Lactation Resource Center LLC

Lactation Resource Center LLC The private practice of Brenda Dalton RNC, IBCLC; offers office consultations for breastfeeding We are here to provide in-home consultations.

Lactation Resource Center LLC cares for nursing mothers in Northwest Louisiana. We encourage you to take advantage of our full range of breastfeeding services. Successful breastfeeding is a combination of patience, good technique, and support. As you and your baby become more proficient, breastfeeding will become easier and more enjoyable. To date, there are no other organizations offering the comprehensive services of Lactation Resource Center in this community.

Thankful for what has always been…
12/29/2025

Thankful for what has always been…

They told her milk was just food.
Warm. Comforting. Emotional.
Nothing more.

She proved it was medicine.

In the 1970s, modern medicine thought it had outgrown breastfeeding.

Formula was clean. Measured. Scientific. Hospitals handed it out like progress in a bottle. Mothers were told their milk was optional, sentimental, even inconvenient. Some doctors actively discouraged breastfeeding, framing it as outdated and unnecessary.

Into that certainty stepped a pediatrician who refused to accept it.

Her name was Ruth Lawrence.

And she changed how the world understands what a mother’s body does.

Ruth Lawrence wasn’t trying to start a movement. She wasn’t responding to ideology. She was responding to patients.

As a young pediatrician, she noticed a pattern that didn’t fit the textbooks. Breastfed infants seemed to get fewer infections. When they did get sick, they recovered faster. Premature babies fed human milk survived at higher rates. Mothers kept telling her the same thing.

“My baby healed faster.”
“My baby didn’t get as sick.”
“My milk helped.”

The medical establishment had an answer ready.

Anecdotes.
Bias.
Maternal myth.

Milk, they said, was calories. Protein. Fat. Vitamins. Useful, but replaceable.

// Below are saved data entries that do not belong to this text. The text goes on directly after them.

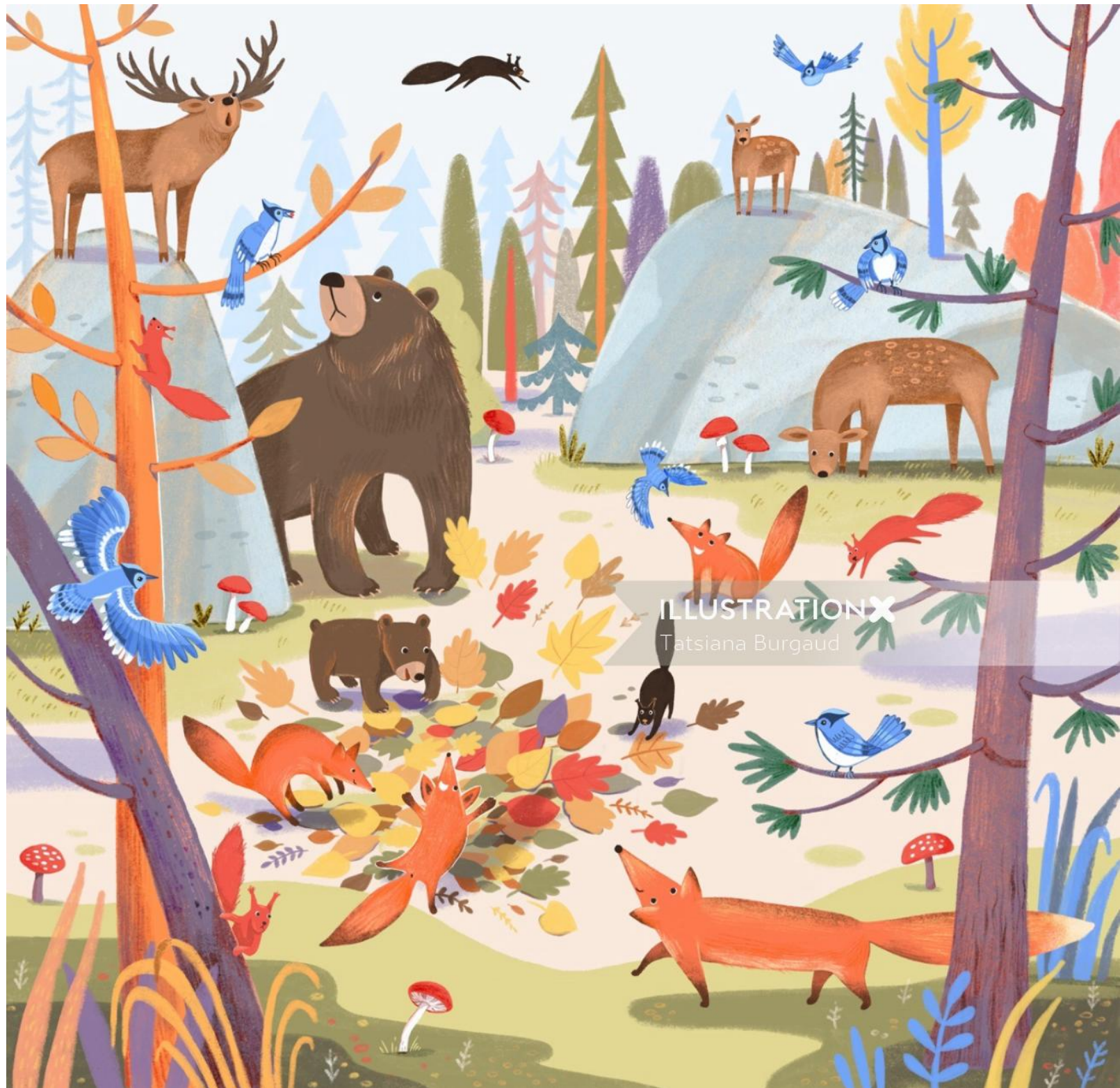
ILLUSTRATION X Tatsiana Burgaud

www.illustrationx.com/jp/TatsianaBurgaud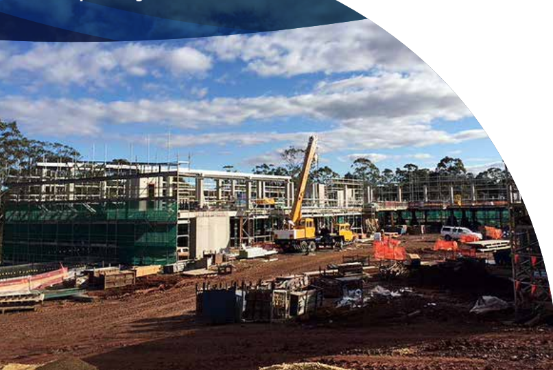
Charles Sturt University Campus – Stage 1

Works are progressing on Stage 1 of the new Charles Sturt University Campus in Port Macquarie where Watpac is delivering 5,700 square metres of education and research areas, built around a centralised courtyard, to accommodate more than 1,000 students and 100 staff. The campus will offer teaching and research areas, staff office accommodation, an Indigenous Student Centre, outdoor learning spaces, car parking for 350 vehicles and Port Macquarie-Hastings Council's Food, Soil and Water Testing Centre, a specialist research facility.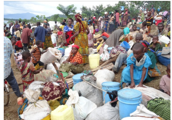
Burundian asylum seekers waiting for a ferry to take them across Lake Tanganyika into Tanzania.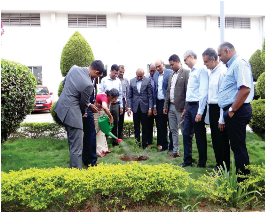
• Founding members at launch of IVAMA Association @ Auma India Pvt Ltd planting the sapling on 8th April 2019

India is a hub for the manufacturing of Engineered Valves and is home to several large manufacturers with a much larger base of smaller manufacturers. There are dedicated industry associations in almost all the major valves and actuators manufacturing countries, but this was not the case so far in India. Hence a need was felt to build a dedicated platform for Valve and Actuator Industry. Auma India was actively involved along with other major players of Industry to form IVAMA Association. A sapling was planted at the premises of Auma India Private Limited, Bangalore by the founding members on 8th April 2018 to mark the beginning of the idea of formation of the Association.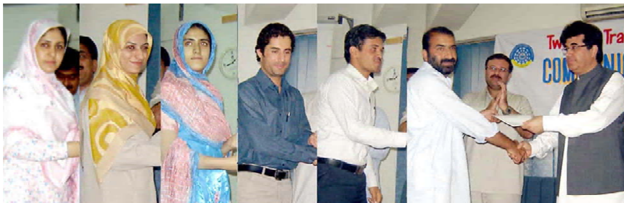
Vice Chancellor BUIITEMS distributing certificates among the participants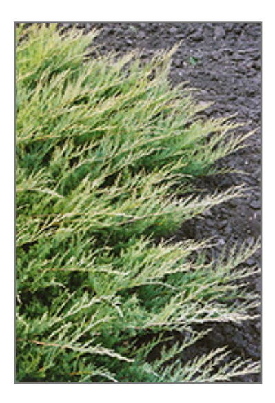
Broadmoor Juniper foliage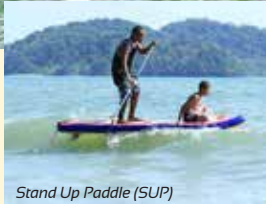
Stand Up Paddle (SUP)

It is the only place in Malaysia where coastal karsts and mangrove ecosystems co-exists today. Scattered across the geoforest are breathtaking limestone formations like Temple of Borobudur, Elephant Stone, and Hanging Gardens while the magnificent stalagmites and stalactites in the Gua Buaya, Cave of Legends, and Gua Kelawar await. The best way to see it is a leisurely boat ride along the tranquil Kilim River.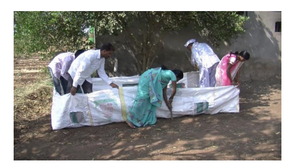
Making a vermicompost bed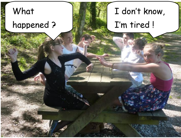
The court woke up.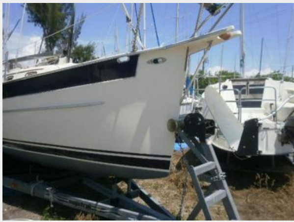
Bow Sprit & Trailer Steps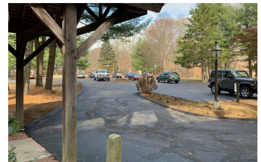
A whole new first impression.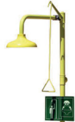
Freestanding ABS plastic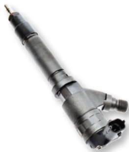
63871 GM Pickups (2005-04)

Here are some of our top selling Remanufactured Diesel Fuel Injectors for Common Rail Injection (CRI) systems: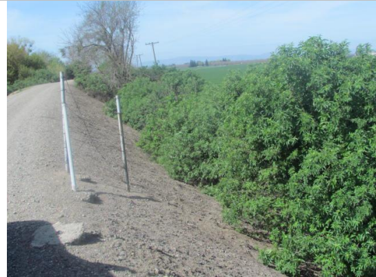
Looking southwest at dense vegetation on landward toe.

Ruth Lawrence didn’t argue.

She studied.

She went back to the lab. To microscopes. To data. She analyzed breast milk not as nourishment, but as a biological system.

What she found rewrote pediatric medicine.

Human milk wasn’t passive.
It was active.

It contained living immune cells. Antibodies tailored to pathogens in the baby’s environment. Enzymes that killed bacteria. Anti-inflammatory agents that protected fragile gut tissue. Growth factors that helped organs mature. Hormones that regulated appetite and stress.

Breast milk didn’t just feed babies.

It trained their immune systems.

Even more astonishing, the milk changed in real time. A mother exposed to a virus would begin producing specific antibodies that appeared in her milk within days. If the baby was sick, the milk adapted. Colostrum, transitional milk, mature milk, each phase delivered different protection.

This wasn’t sentiment.

It was immunology.

Ruth Lawrence published her findings carefully, relentlessly, over decades. She documented reduced rates of ear infections, respiratory illness, gastrointestinal disease, and later-life conditions like asthma and obesity among breastfed children. She showed benefits for mothers too, lower rates of breast and ovarian cancer, faster postpartum recovery.

Still, she was dismissed.

Formula companies had money, influence, and confidence. Hospitals had routines. Physicians had been trained to see breastfeeding as lifestyle, not therapy.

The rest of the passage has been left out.